Now that's more like it!

Rearranging the data hierarchy

The next step is to combine that data into useful structures. In the original .mat file, the variable names (now keys in matdata) correspond to data from a particular instrument on a particular mooring, as explained above. We can regroup this data using python dictionaries into a form that might be a bit more useful.

Looking at the output above, there are two keys for each variable: lpdata and data. lpdata contains low-pass filtered data, but uses the same time array as data. Let's combine these into one dictionary to reduce the level a nesting a bit.

The function below does this in-place, by altering the dictionary itself. Because it's not actually creating new data, it works quickly. Note that before we do it, we copy all the original data by using the Python function deepcopy. This function copies everything. The normal copy function only copies things at the top-level.


In [6]:
# Now that the data has a hierarchy, we can start combining things.

def combine_lpdata(d):
    """Combine the low-pass and regular data to a single dictionary.  
    The input is the dictionary that contains the 'data' and 'lpdata' keys.
    
    The function works in-place, but returns a reference to the dictionary as well."""
    
    # For regular data, just pop it off the dictionary, keeping the same name.
    # The `pop` method returns the value of key `k` and removes it from the dictionary at the same time.
    for k in d['data'].keys():
        d[k] = d['data'].pop(k)
    d.pop('data')

    # For low-passed data, prepend 'lp' to the front of the key.
    for k in d['lpdata'].keys():
        d['lp'+k] = d['lpdata'].pop(k)
    d.pop('lpdata')

    return d

# Test the function
from copy import deepcopy
test = deepcopy(matdata['T_CA042_090603_010'])  # Copy the data for the test.
print 'keys before:', test.keys()
combine_lpdata(test)
print 'keys after:', test.keys()  # Note how we print the same thing, but the keys have changed.

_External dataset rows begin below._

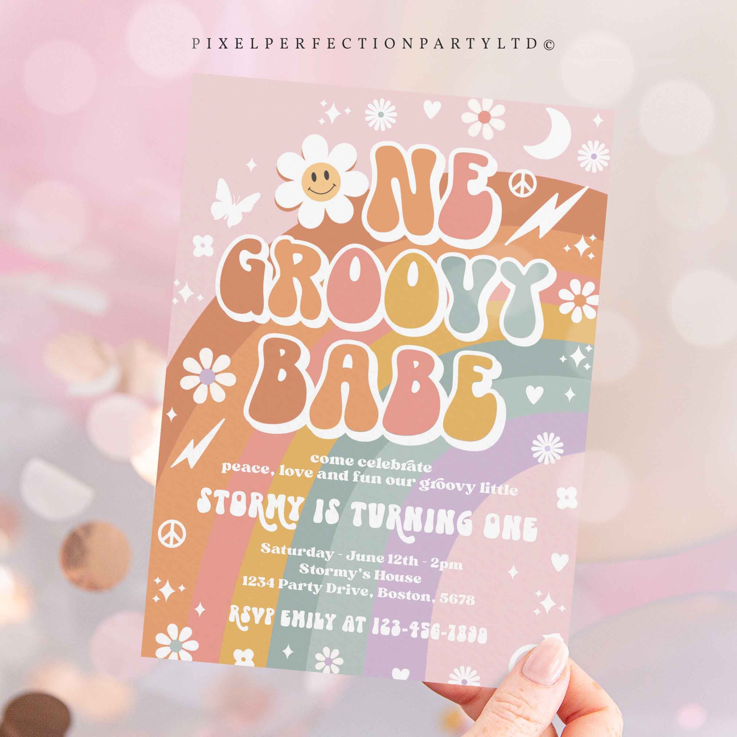 Tag : Editable One Groovy Babe Birthday Party Invitation Groovy One Birthday Groovy Rainbow Party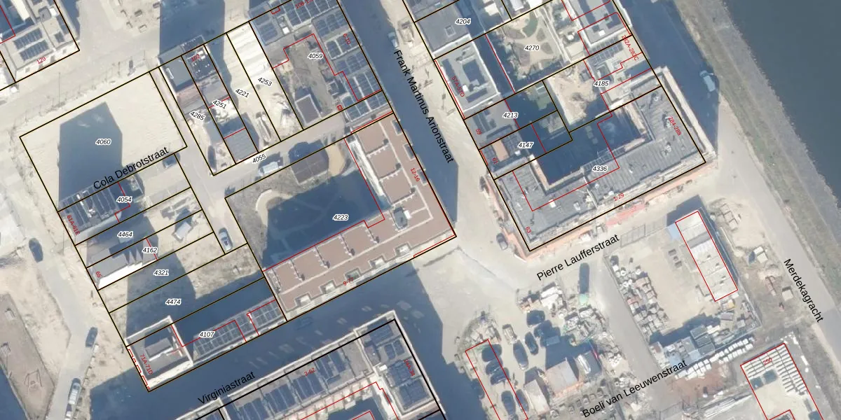 Het adres is gelegen op perceel 4223 in de sectie AU en de kadastrale gemeente Amsterdam. De kadastrale aanduiding is aldus ASD41-AU-4223. Het perceel is kleiner dan gemiddeld in Amsterdam. Het perceel is 1486 m² groot, terwijl het gemiddelde ligt op 7285,32 m². Het grootste perceel in de kadastrale gemeente is 2,75 km². Het kleinste perceel heeft een oppervlakte van 0 m². Op het perceel zijn 38 adressen aanwezig. De huidige grenzen van het perceel zijn digitaal in de Basisregistratie Kadaster (BRK) geregistreerd op 13-09-2022.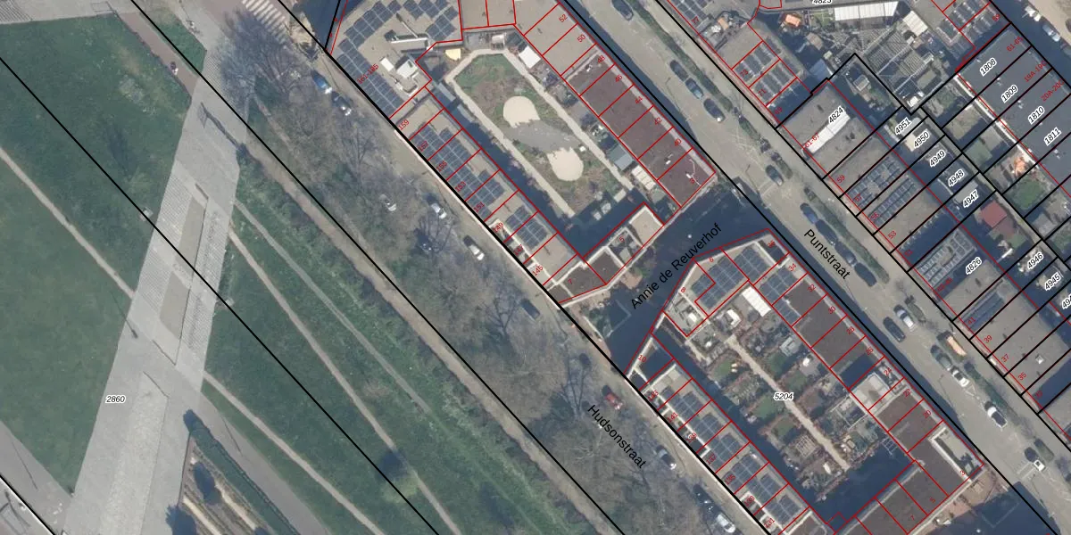 Het perceel waarop Hudsonstraat 145 staat heeft een oppervlakte van 8175 m². Dit is een zeer groot perceel. De perceeloppervlakte wordt geregistreerd door het Kadaster. Gedetailleerde informatie over de maten van dit perceel kunt u vinden in het rapport Kadastrale kaart met maatvoering van Hudsonstraat 145.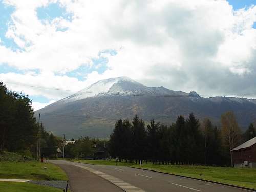 他のスタッフが現地案內所を取材している間、周辺を散策することにしました。現地案內所は開けたエリアにあるので、周囲の山々を見渡すことができます。南に見える巖手山の上空は風がかなり強いようで、雪を冠った頂上付近を次から次へと雲が流れて行きます。西に目を向けると八幡平の上空も雲が多く青空は見え隠れしていましたが、流れの早い雲の影で山肌の色が次々と変わるので、しばらくの間眺めてしまいました。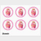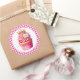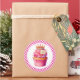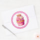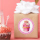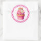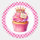 Round sticker is shown with a cute cupcake birthday princess crown print.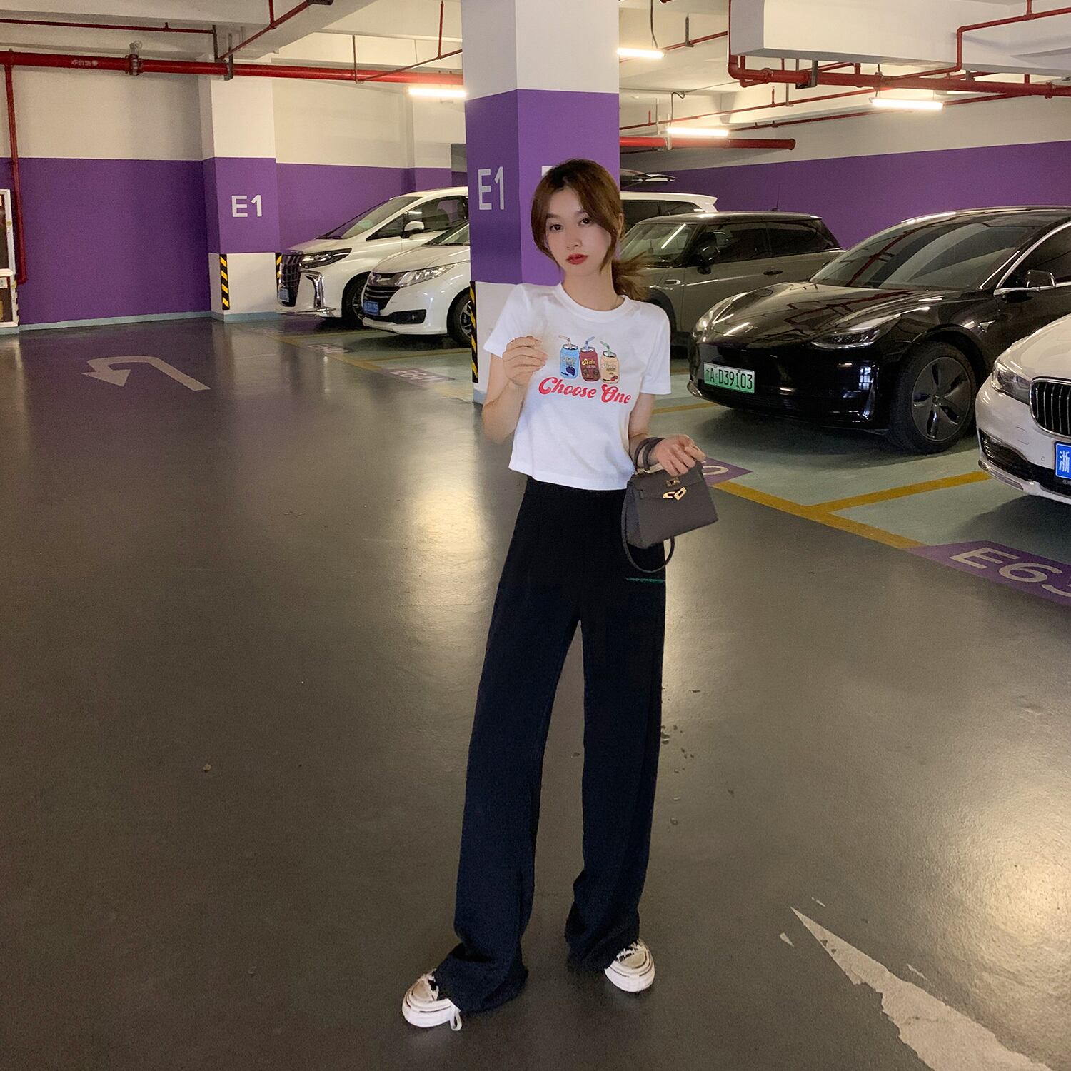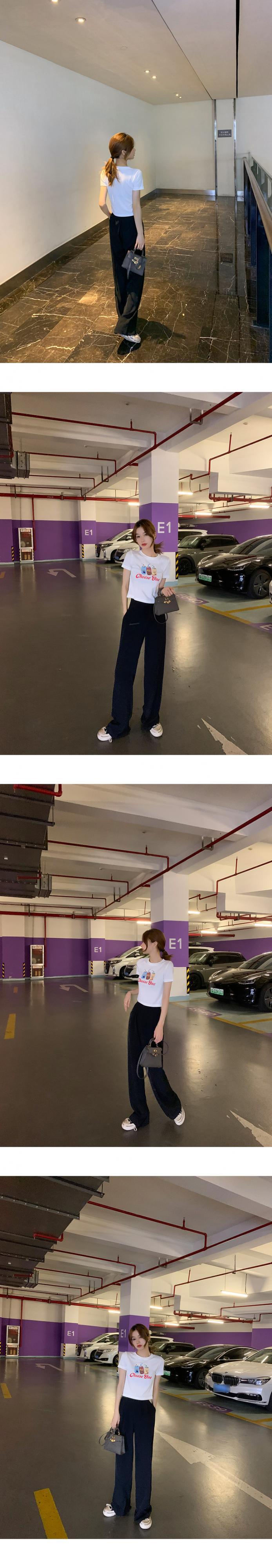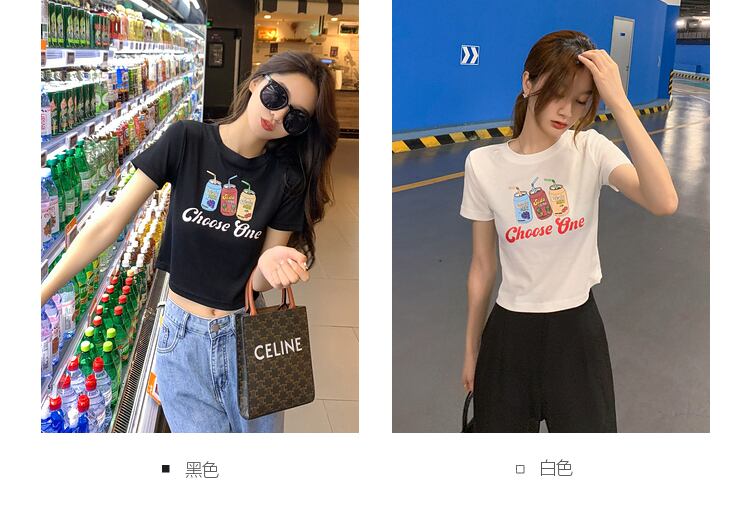 ショートウェストスリムTシャツ レディースサマースタンダードスタイルブラックレッドトップス レトロ 夏物 6Du_Shop_Women25328496917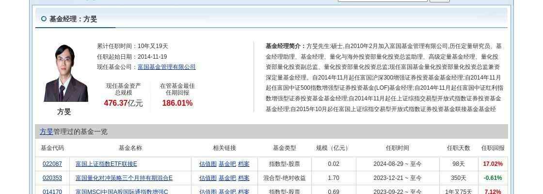 简历显示,方旻先生:硕士,自2010年2月加入富国基金管理有限公司,历任定量研究员、基金经理助理、基金经理、量化与海外投资部量化投资总监助理、高级定量基金经理、量化投资部量化投资副总监、量化投资部量化投资总监;现任富国基金量化投资部量化投资总监兼资深定量基金经理。自2014年11月起任富国沪深3增强证券投资基金基金经理;自2014年11月起任富国中证5指数增强型证券投资基金(LOF)基金经理;自2014年11月起任富国中证红利指数增强型证券投资基金基金经理;自2014年11月起任上证综指交易型开放式指数证券投资基金基金经理;自2015年10月起任富国上证综指交易型开放式指数证券投资基金联接基金基金经理;自2018年05月起任富国中证1指数增强型证券投资基金(LOF)基金经理;自2019年01月起任富国MSCI中国A股国际通指数增强型证券投资基金基金经理;自2020年02月起任富国量化对冲策略三个月持有期灵活配置混合型证券投资基金基金经理;自2022年11月起任富国中证1优选股票型证券投资基金基金经理;具有基金从业资格。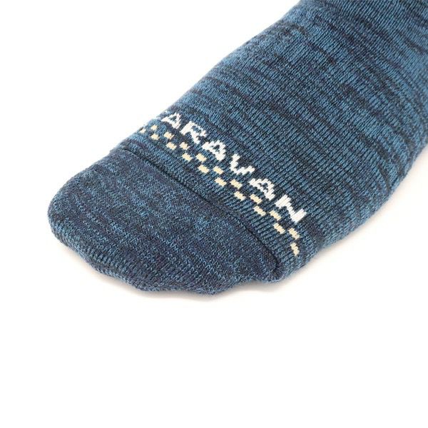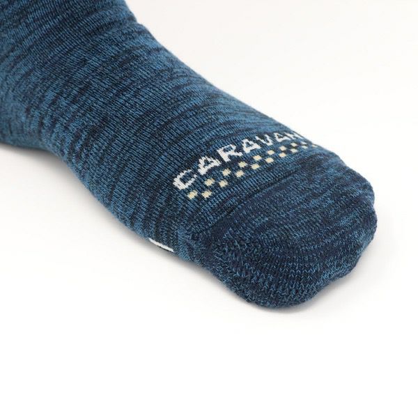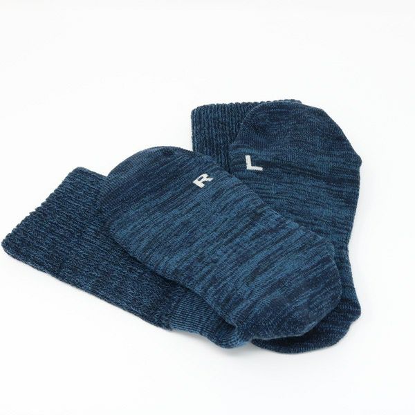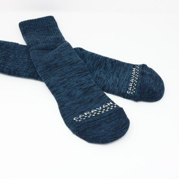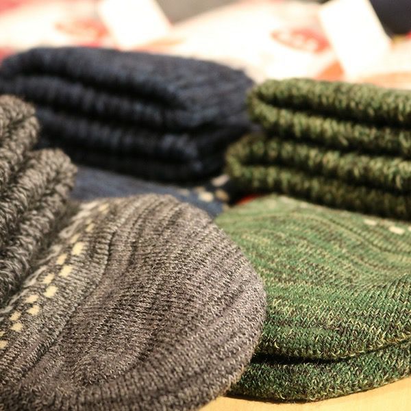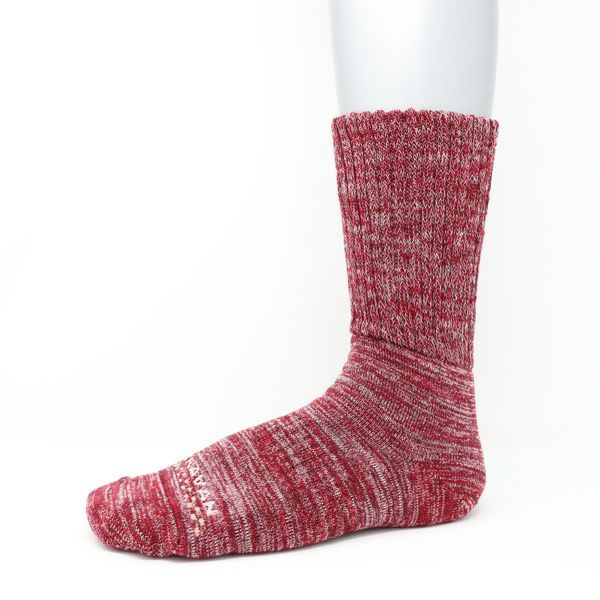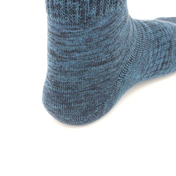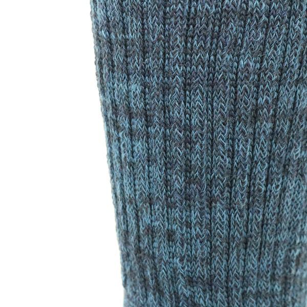 メリノウールのソフトな肌触りを活かし、締め付け感のない柔らかな履き心地に仕立てました。足首から履き口まではざっくりしたリブ編みにし、ふんわりと包み込むように優しくフィット。濃淡のある杢調の編み地は、ちょっとレトロな雰囲気を醸し出しています。擦れやすいかかと部分は、表面にナイロン糸を集中させて耐摩耗性をアップ。ハードなトレッキングもしっかりサポートする中厚ソックスです。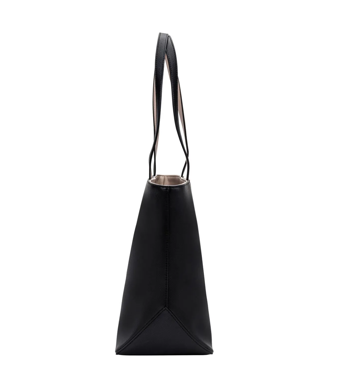 Festina’s gevierde “Mademoiselle” lijn wordt dit seizoen aangevuld met een nieuw aanbod damestassen. Deze grote draagtas is gemaakt van prachtig gestructureerd saffiano veganistisch leer (PU). Elk detail is delicaat bewerkt, zoals de iconische handtekening F gold plate, aanwezig in de hele collectie en onderstreept met een prachtig reliëf FESTINA logo. Het product is prachtig ontworpen en heeft kleurrijke, contrasterende en zeer praktische interieurs, roamy interieurs. Deze specifieke tas heeft een magnetische knoopsluiting, en een zeer groot binnenvak met rits, perfect voor een laptop en andere waardevolle spullen. Het heeft ook een ander plat vak en een plat vak met rits, perfect om documenten en andere benodigdheden te organiseren. Deze zwarte versie heeft een contrasterend beige interieur, passend bij de gelijknamige portemonnee. Dimensions: 450 x 150 x 280 mm, Material: Polyester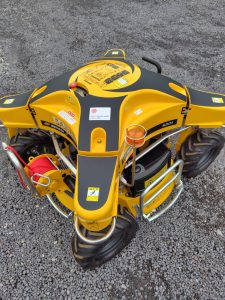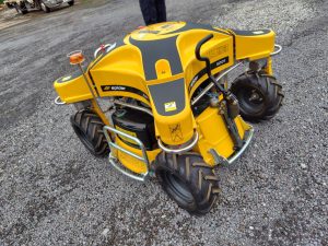 社長が即決して買ったスパイダーが納入されました。最初の草刈り機と違うのは、足回り。スピードもあります。ウインチ付きなので、急傾斜も難なく刈り取っていきます。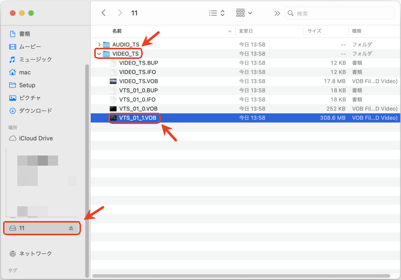 - Finderで「DVD」>「VIDEO_TS」フォルダに入ります。複数の「.VOB」ファイルが表示されます。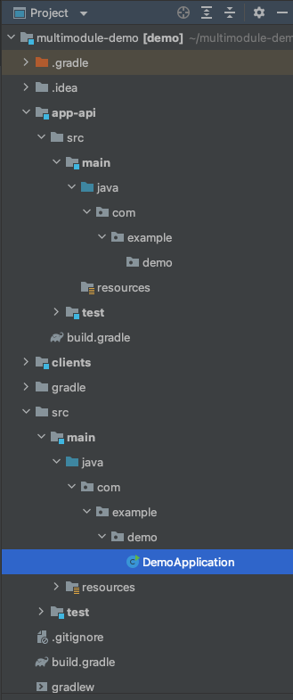 참고로 아래 클라이언트 모듈은 동일한 폴더 구조를 가지지만 그렇지 않으면 다른 모듈에서 @Component로 설정한 빈을 참조할 수 없다. 물론 SpringBootApplication의 scanBasePackages 옵션으로 해결할 수 있지만 이 방법은 모듈을 추가할 때 옵션을 추가하는 것은 비실용적이다.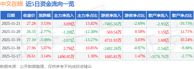 11月21日的资金流向数据方面,主力资金净流入3.69亿元,占总成交额13.42%,游资资金净流出7405.56万元,占总成交额2.69%,散户资金净流出2.95亿元,占总成交额10.73%。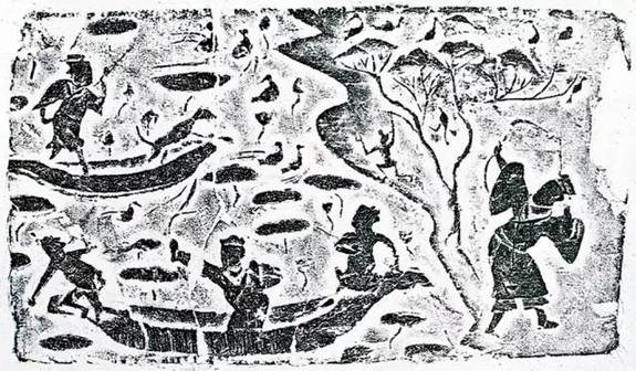 汉画像砖广泛分布于河南、四川、山东、安徽、江苏、浙江等地,其中河南和四川的汉画像砖较多,题材丰富,画面精彩。如河南画像砖《佩剑人物图》,刻画的是一位武士,他怒而扶剑,高度戒备,胡须与衣带飘飘,反衬出武士屹然不动的雄姿。四川汉画像砖则以反映现实生活为主,日常生活及劳动画面较多。如东汉画像砖《弋射收获》,描绘秋收季节的田野。上半部是渔猎,下半部是收获。上面的猎人正搭弓引箭,即将射向塘中飞鸟,蓄势待发的气氛颇为紧张。而下面收割稻谷的农人,三三两两,错落有致,洋溢着劳动的热情。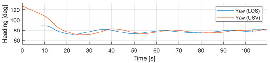USV Control scenario: Comparison of heading angle from the LOS guidance system with field-test data. After reaching the position, the yaw angle is equal to the constant velocity-path relative angle for DP mode.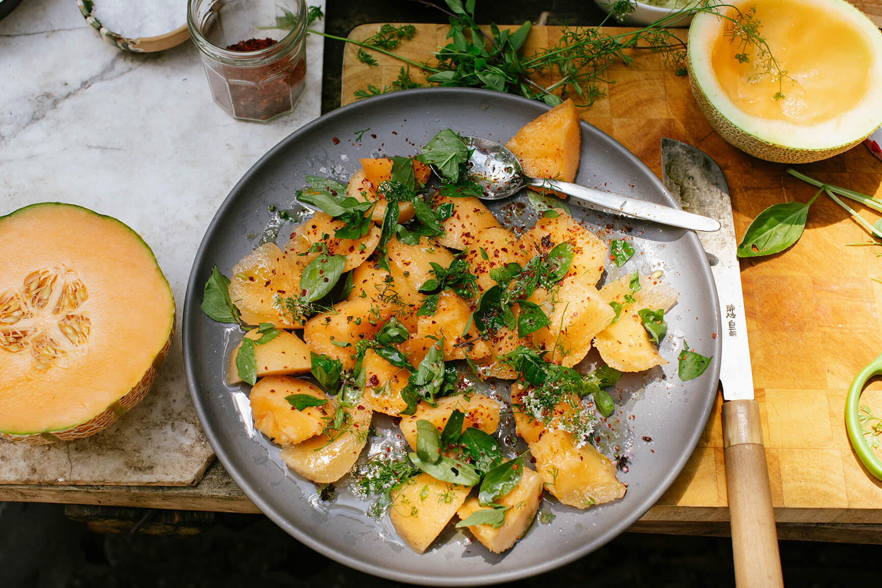 2. Season the melon with lime juice and toss very gently to combine. Add half the basil and fold through, then season with flaky salt, a pinch of cayenne, and a few dashes of MSG. Drizzle with olive oil and top with remaining basil. Let sit for a few minutes for juices to release before serving.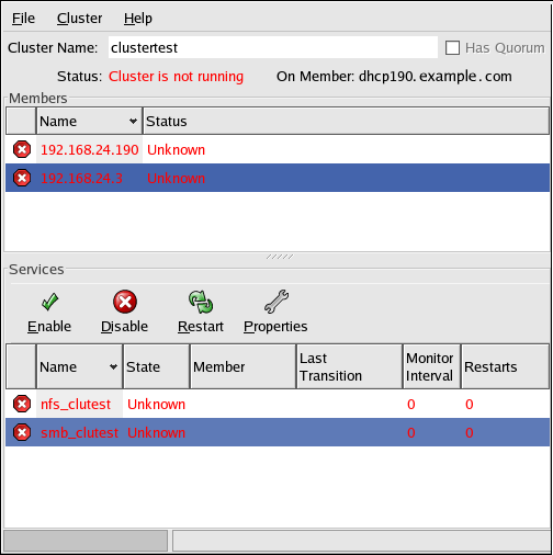 To start the cluster software on a member, run the Cluster Status Tool and choose Cluster => Start Local Cluster Daemons. The cluster member's Status field changes from Disabled to Active.

# Now we'll do it on all of matdata
# The next line ignores the special variables starting with '__'
# You can't have matlab variables starting with '__' so this should only remove extra keys created by loadmat.
variables = [k for k in matdata.keys() if not k.startswith('__')]   # This is a list comprehension. 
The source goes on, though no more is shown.